- [YOUR TASK]:
Copy the listing out in full. Keep every word as it is.

- [INPUT DATA]:
##############################

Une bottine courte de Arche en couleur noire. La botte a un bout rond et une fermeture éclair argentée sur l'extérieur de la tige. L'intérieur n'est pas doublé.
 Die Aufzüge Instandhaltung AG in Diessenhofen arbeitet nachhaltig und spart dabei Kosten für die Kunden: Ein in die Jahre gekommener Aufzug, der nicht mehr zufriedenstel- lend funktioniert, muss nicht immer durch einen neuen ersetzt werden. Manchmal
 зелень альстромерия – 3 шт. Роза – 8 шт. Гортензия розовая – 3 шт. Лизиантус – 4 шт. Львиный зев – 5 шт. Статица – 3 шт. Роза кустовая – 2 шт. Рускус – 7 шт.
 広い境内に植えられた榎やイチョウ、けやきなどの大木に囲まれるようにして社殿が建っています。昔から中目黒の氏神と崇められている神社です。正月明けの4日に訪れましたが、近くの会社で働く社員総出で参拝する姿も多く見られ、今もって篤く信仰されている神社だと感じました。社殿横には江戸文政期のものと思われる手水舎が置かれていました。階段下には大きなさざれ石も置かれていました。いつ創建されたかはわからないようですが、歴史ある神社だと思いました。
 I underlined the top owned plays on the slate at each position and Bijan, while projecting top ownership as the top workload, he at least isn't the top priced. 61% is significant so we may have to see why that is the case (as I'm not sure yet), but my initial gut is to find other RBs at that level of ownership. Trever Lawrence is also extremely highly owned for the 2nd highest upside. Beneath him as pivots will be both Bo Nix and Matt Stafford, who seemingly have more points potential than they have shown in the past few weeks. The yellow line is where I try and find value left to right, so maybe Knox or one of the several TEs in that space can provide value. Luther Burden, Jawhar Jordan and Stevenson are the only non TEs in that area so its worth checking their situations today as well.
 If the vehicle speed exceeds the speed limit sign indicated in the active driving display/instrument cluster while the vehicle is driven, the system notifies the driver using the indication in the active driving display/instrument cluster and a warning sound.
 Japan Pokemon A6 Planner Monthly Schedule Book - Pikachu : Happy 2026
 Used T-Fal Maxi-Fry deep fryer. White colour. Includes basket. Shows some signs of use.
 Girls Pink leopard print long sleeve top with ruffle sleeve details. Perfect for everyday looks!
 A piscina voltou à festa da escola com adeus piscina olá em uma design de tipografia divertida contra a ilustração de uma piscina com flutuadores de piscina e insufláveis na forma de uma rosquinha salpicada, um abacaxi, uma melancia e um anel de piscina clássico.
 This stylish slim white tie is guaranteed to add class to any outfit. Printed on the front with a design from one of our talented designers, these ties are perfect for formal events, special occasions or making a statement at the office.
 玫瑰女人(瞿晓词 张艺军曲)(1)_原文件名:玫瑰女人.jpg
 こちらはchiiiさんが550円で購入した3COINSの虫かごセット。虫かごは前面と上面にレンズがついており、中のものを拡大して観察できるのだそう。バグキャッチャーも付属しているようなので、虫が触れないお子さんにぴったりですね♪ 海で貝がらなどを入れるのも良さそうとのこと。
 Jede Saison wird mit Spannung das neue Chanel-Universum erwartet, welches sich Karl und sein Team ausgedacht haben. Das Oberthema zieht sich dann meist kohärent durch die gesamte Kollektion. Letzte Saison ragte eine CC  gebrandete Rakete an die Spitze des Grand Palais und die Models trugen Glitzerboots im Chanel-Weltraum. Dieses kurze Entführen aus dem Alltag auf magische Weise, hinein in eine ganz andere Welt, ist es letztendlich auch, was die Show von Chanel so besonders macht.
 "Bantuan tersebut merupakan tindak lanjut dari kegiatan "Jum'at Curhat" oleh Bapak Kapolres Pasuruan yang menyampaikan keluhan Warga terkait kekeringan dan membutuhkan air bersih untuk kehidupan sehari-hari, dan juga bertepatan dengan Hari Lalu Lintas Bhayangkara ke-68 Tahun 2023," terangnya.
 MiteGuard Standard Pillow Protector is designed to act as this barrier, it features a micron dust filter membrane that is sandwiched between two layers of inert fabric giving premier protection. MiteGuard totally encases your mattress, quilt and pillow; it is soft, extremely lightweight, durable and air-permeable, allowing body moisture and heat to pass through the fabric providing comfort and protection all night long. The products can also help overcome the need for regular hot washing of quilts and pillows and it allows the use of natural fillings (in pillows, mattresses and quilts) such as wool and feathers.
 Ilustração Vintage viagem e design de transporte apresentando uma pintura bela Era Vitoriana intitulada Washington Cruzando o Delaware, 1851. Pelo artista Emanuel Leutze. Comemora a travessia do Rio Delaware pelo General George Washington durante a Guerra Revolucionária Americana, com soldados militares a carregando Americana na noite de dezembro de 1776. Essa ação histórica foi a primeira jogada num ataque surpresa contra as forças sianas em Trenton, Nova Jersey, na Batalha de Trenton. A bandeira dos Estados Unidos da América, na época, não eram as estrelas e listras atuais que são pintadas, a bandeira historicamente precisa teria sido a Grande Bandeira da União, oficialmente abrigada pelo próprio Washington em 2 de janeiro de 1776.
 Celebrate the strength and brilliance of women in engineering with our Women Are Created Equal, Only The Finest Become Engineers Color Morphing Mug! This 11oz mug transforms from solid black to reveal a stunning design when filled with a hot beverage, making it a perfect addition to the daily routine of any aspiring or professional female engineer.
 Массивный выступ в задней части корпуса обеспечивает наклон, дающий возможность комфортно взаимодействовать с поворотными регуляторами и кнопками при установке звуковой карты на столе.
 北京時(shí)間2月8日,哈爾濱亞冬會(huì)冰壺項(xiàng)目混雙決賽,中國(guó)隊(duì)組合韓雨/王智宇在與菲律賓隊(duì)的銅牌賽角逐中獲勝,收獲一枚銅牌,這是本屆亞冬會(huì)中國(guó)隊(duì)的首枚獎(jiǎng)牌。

##############################

- [YOUR SOLUTION]:
Une bottine courte de Arche en couleur noire. La botte a un bout rond et une fermeture éclair argentée sur l'extérieur de la tige. L'intérieur n'est pas doublé.
 Die Aufzüge Instandhaltung AG in Diessenhofen arbeitet nachhaltig und spart dabei Kosten für die Kunden: Ein in die Jahre gekommener Aufzug, der nicht mehr zufriedenstel- lend funktioniert, muss nicht immer durch einen neuen ersetzt werden. Manchmal
 зелень альстромерия – 3 шт. Роза – 8 шт. Гортензия розовая – 3 шт. Лизиантус – 4 шт. Львиный зев – 5 шт. Статица – 3 шт. Роза кустовая – 2 шт. Рускус – 7 шт.
 広い境内に植えられた榎やイチョウ、けやきなどの大木に囲まれるようにして社殿が建っています。昔から中目黒の氏神と崇められている神社です。正月明けの4日に訪れましたが、近くの会社で働く社員総出で参拝する姿も多く見られ、今もって篤く信仰されている神社だと感じました。社殿横には江戸文政期のものと思われる手水舎が置かれていました。階段下には大きなさざれ石も置かれていました。いつ創建されたかはわからないようですが、歴史ある神社だと思いました。
 I underlined the top owned plays on the slate at each position and Bijan, while projecting top ownership as the top workload, he at least isn't the top priced. 61% is significant so we may have to see why that is the case (as I'm not sure yet), but my initial gut is to find other RBs at that level of ownership. Trever Lawrence is also extremely highly owned for the 2nd highest upside. Beneath him as pivots will be both Bo Nix and Matt Stafford, who seemingly have more points potential than they have shown in the past few weeks. The yellow line is where I try and find value left to right, so maybe Knox or one of the several TEs in that space can provide value. Luther Burden, Jawhar Jordan and Stevenson are the only non TEs in that area so its worth checking their situations today as well.
 If the vehicle speed exceeds the speed limit sign indicated in the active driving display/instrument cluster while the vehicle is driven, the system notifies the driver using the indication in the active driving display/instrument cluster and a warning sound.
 Japan Pokemon A6 Planner Monthly Schedule Book - Pikachu : Happy 2026
 Used T-Fal Maxi-Fry deep fryer. White colour. Includes basket. Shows some signs of use.
 Girls Pink leopard print long sleeve top with ruffle sleeve details. Perfect for everyday looks!
 A piscina voltou à festa da escola com adeus piscina olá em uma design de tipografia divertida contra a ilustração de uma piscina com flutuadores de piscina e insufláveis na forma de uma rosquinha salpicada, um abacaxi, uma melancia e um anel de piscina clássico.
 This stylish slim white tie is guaranteed to add class to any outfit. Printed on the front with a design from one of our talented designers, these ties are perfect for formal events, special occasions or making a statement at the office.
 玫瑰女人(瞿晓词 张艺军曲)(1)_原文件名:玫瑰女人.jpg
 こちらはchiiiさんが550円で購入した3COINSの虫かごセット。虫かごは前面と上面にレンズがついており、中のものを拡大して観察できるのだそう。バグキャッチャーも付属しているようなので、虫が触れないお子さんにぴったりですね♪ 海で貝がらなどを入れるのも良さそうとのこと。
 Jede Saison wird mit Spannung das neue Chanel-Universum erwartet, welches sich Karl und sein Team ausgedacht haben. Das Oberthema zieht sich dann meist kohärent durch die gesamte Kollektion. Letzte Saison ragte eine CC  gebrandete Rakete an die Spitze des Grand Palais und die Models trugen Glitzerboots im Chanel-Weltraum. Dieses kurze Entführen aus dem Alltag auf magische Weise, hinein in eine ganz andere Welt, ist es letztendlich auch, was die Show von Chanel so besonders macht.
 "Bantuan tersebut merupakan tindak lanjut dari kegiatan "Jum'at Curhat" oleh Bapak Kapolres Pasuruan yang menyampaikan keluhan Warga terkait kekeringan dan membutuhkan air bersih untuk kehidupan sehari-hari, dan juga bertepatan dengan Hari Lalu Lintas Bhayangkara ke-68 Tahun 2023," terangnya.
 MiteGuard Standard Pillow Protector is designed to act as this barrier, it features a micron dust filter membrane that is sandwiched between two layers of inert fabric giving premier protection. MiteGuard totally encases your mattress, quilt and pillow; it is soft, extremely lightweight, durable and air-permeable, allowing body moisture and heat to pass through the fabric providing comfort and protection all night long. The products can also help overcome the need for regular hot washing of quilts and pillows and it allows the use of natural fillings (in pillows, mattresses and quilts) such as wool and feathers.
 Ilustração Vintage viagem e design de transporte apresentando uma pintura bela Era Vitoriana intitulada Washington Cruzando o Delaware, 1851. Pelo artista Emanuel Leutze. Comemora a travessia do Rio Delaware pelo General George Washington durante a Guerra Revolucionária Americana, com soldados militares a carregando Americana na noite de dezembro de 1776. Essa ação histórica foi a primeira jogada num ataque surpresa contra as forças sianas em Trenton, Nova Jersey, na Batalha de Trenton. A bandeira dos Estados Unidos da América, na época, não eram as estrelas e listras atuais que são pintadas, a bandeira historicamente precisa teria sido a Grande Bandeira da União, oficialmente abrigada pelo próprio Washington em 2 de janeiro de 1776.
 Celebrate the strength and brilliance of women in engineering with our Women Are Created Equal, Only The Finest Become Engineers Color Morphing Mug! This 11oz mug transforms from solid black to reveal a stunning design when filled with a hot beverage, making it a perfect addition to the daily routine of any aspiring or professional female engineer.
 Массивный выступ в задней части корпуса обеспечивает наклон, дающий возможность комфортно взаимодействовать с поворотными регуляторами и кнопками при установке звуковой карты на столе.
 北京時(shí)間2月8日,哈爾濱亞冬會(huì)冰壺項(xiàng)目混雙決賽,中國(guó)隊(duì)組合韓雨/王智宇在與菲律賓隊(duì)的銅牌賽角逐中獲勝,收獲一枚銅牌,這是本屆亞冬會(huì)中國(guó)隊(duì)的首枚獎(jiǎng)牌。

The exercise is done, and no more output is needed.